I am pleased to get to use both my poop and maps tags at the same time.
Burning Poop Google Map
Did you know that San Francisco is in the midst of a crime spree? Someone keeps burning porta-potties to the ground. 22 so far. "All the plastic was melted down to the floor, and it smelled horrible, horrible, horrible." Here's a Google Map showing the color-coded locations.
Tags: firstperson, maps, poop, sf
Current Music: Architecture In Helsinki -- Kindling ♬
12 Responses:
That's weird... there's a porta-potty on the path we take to get to BART in El Cerrito and some idiot keeps tipping over the damn thing. The company even replaced it with a new one... and tonight I see that's it's tipped over AGAIN. It's like the fifth time. MORONS. No. Longer. Funny.
You know, you'd think they would eventually just chain the damn thing down. At a certain point you gotta stop fixing symptoms and attack the disease. Possibly with shotguns, or maybe very angry dogs.
I skipped over this post the first time past, thinking "Man I'm so tired of people hating/loving on Burning Man."
Does this not also merit "pranks?" Also it will only take a little blogosphere philosophizing before it also merits "grim meathook future."
holy shit
I want them to bring the Criminal Minds profilers in, just to see what they would say.
"Our unsub is probably a white male, aged 18-25, probably a loner who's uncomfortable in social situations..."
"... and who has POOP ISSUES!"
How does one go about getting issued poop?

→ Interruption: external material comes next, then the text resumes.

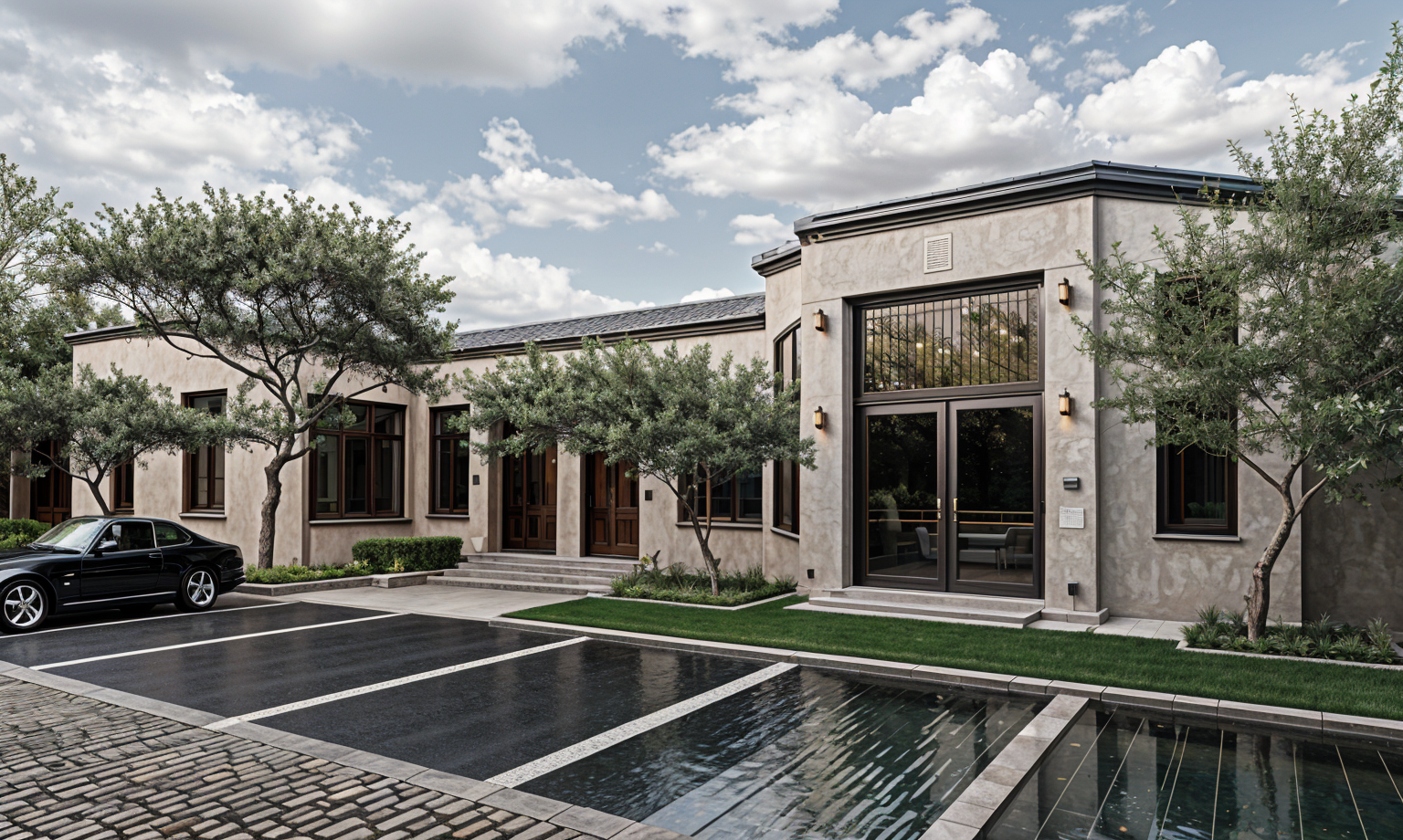 modern style industrial black frame canopy concrete keep the canopy column wall finishing white brick and plywood remove the arch the window is a fixed window frame the front yard has grass and a parking lot tiled roof removed outside finish applies white finish and wood finish only in the middle delete the roof make it modern the exterior of a modern chinese restaurant wood finish is applied to the wall of the middle entrance

(Or, I guess, more to the point : how does one go about avoiding getting issued said poop?)
What they need to do is set up a *cough* honeypot. Preferably an exploding one.
Honeybucket could supply it!
(I saw a truck of theirs while I was up in oregon and the fact that a portapotty had such a delicious name made me seriously queasy.)
I saw a newspaper article that said that one construction company deployed a secret camouflage portapotty to avoid getting hit by this problem.
Did you know that San Francisco is in the midst of a crime spree? Someone keeps burning porta-potties to the ground.
Yes, actually, I did.
That's a really good story.
After they burned down all the playgrounds, there was no place else to turn.